The consumerization of the workplace in recent years has had many implications for worker productivity and effectiveness: There are now just too many disjointed digital messages to handle and digital tools to manage for the typical worker, especially as as I've found shadow IT has grown substantially in just the last couple of years alone, opening new floodgates of apps and message flows.

Worse, most of these messaging services and apps are disconnected from each other, lacking basic work context about what's happening in an adjacent app to make the experience more contextual, streamlined, and productive.

A common scenario will serve here to highlight the primitive state of digital work in which we still find ourselves:

If one has an e-mail conversation where the participants discuss all the logistics of scheduling a meeting with each other, when one then switches over to the calendaring app, it should reasonably trigger an automated offer to create a meeting notice for the discussed time, with the mentioned people, at the identified location. But in the vast majority of organizations, our digital workplace doesn't even provide such basic services to us.

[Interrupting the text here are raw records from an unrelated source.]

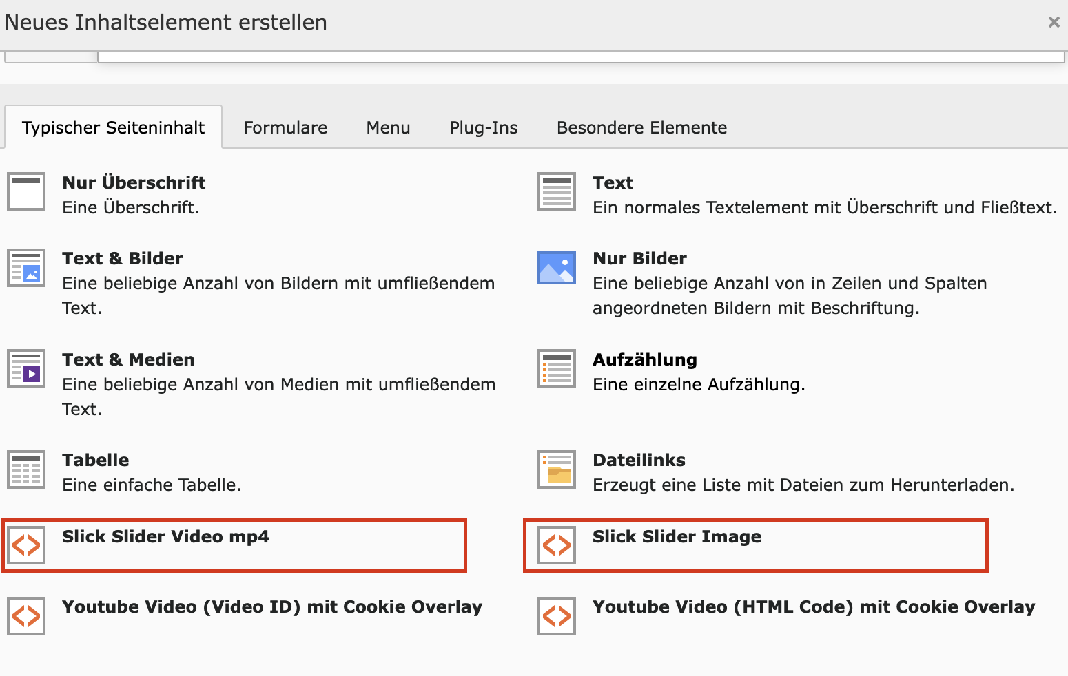 Ein neues Inhaltselement im Slider Bereich ein neues Inhaltselement vom Typ "Slick Slider Video mp4" erstellen.
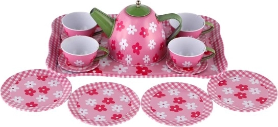 W opakowaniu znajdziesz wszystko, co potrzebne do małej herbatki – czajniczek, filiżanki ze spodkami oraz talerzyki. Zestaw świetnie wspiera rozwój umiejętności społecznych, naukę zasad nakrywania do stołu oraz wspólną zabawę z przyjaciółmi. Naczynia nie są przeznaczone do rzeczywistego przygotowywania ani spożywania napojów.
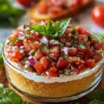 - Assemble the Dip: Spread the creamy cheese mixture evenly in a shallow serving dish. Then spoon the prepared bruschetta topping over the cheese layer. Garnish with chopped fresh basil, red pepper flakes (if using), and drizzle with balsamic glaze if desired. For the best flavor, chill the dip for at least 30 minutes before serving, then bring it to room temperature to enhance taste and texture.
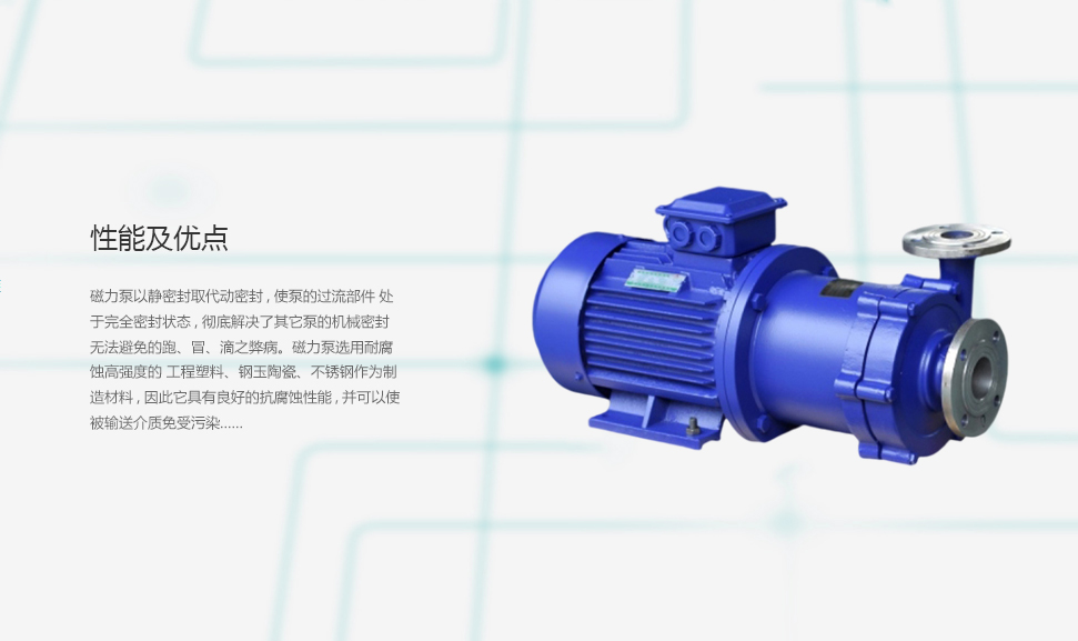 磁力泵結構緊湊,外形美觀,體積小,噪音低,運行可靠,使用維修方便。可廣泛用于化工、制藥、石油、電鍍、食 品、國防、科研機構、冶金、染料等單位抽送酸、堿液、油類稀有貴重液、毒液、揮發性液體,以及循環水設備 配套、過濾機配套。特別是易漏、易,燃、易爆液體的抽送。防爆電動機選用此泵則更為理想設備。
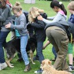 Dann waren die Schüler aber kaum noch zu halten (die Hunde auch nicht), denn dann ging es auf die großen Außenflächen. Hier konnten die Kinder mit den Vierbeinern spielen und sie mit Hilfe von Leckerlis zum Überwinden von Hindernissen bringen.
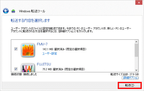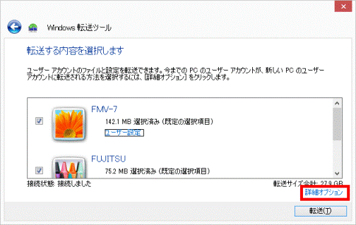 古いパソコンと新しいパソコンで、Windows 転送ツールを実行します。
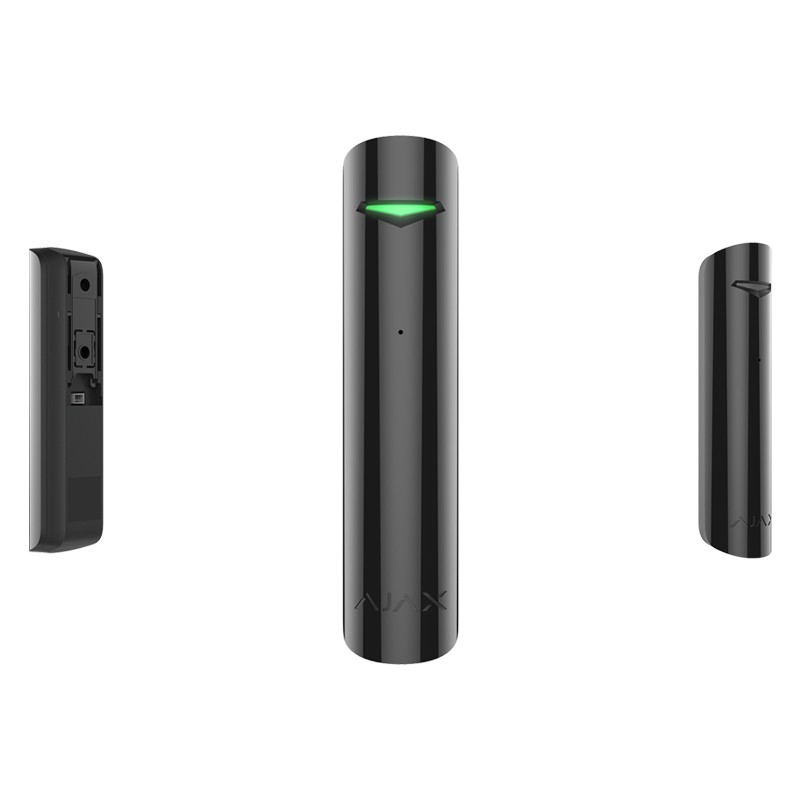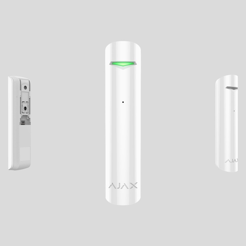 Detects broken glass using an electret microphone, which registers the sound of impact against the glass and of the glass falling.
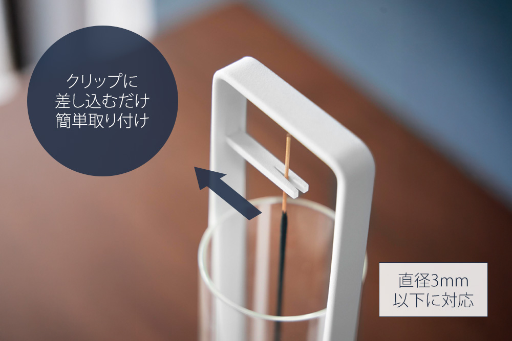 お香の差し込み部分はクリップ状になっていて、直径3mm以下のスティックタイプのお香を取り付けできます。
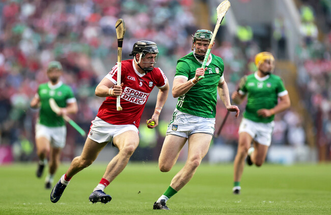 Cork's Darragh Fitzgibbon and Limerick's William O'Donoghue. Laszlo Geczo/INPHO

The reality is that these situations -- and dozens of workplace scenarios just like it -- take place millions of times as day in the enterprise world, yet are still surprisingly manual, given how automated routine work could be and should be.

Related: Enterprises confront the reality of 'multilayered collaboration'

The New Digital Workplace as Hub and Platform

Thus, many decades into the personal computing revolution, our apps still aren't very smart about each other, and certainly not very tuned into our day-to-day work, and can't help as much as they should. As a result, perhaps one of the signature realizations that came out of the emergence of social collaboration a decade ago, was that our systems of record and our systems of engagement were too disconnected. I wrote at the time that such collaborative silos were becoming a significant issue that were holding back business results:

How will this happen then? I've gone on record that it may be the adoption of effective open standards that returns social networks to fundamental interoperability. But will commercial services adopt them? Their executives and shareholders are likely not to agree. Are there other solutions? Possibly. Either way, if social media [in the workplace] is to progress to the plateau of productivity, we must figure this out.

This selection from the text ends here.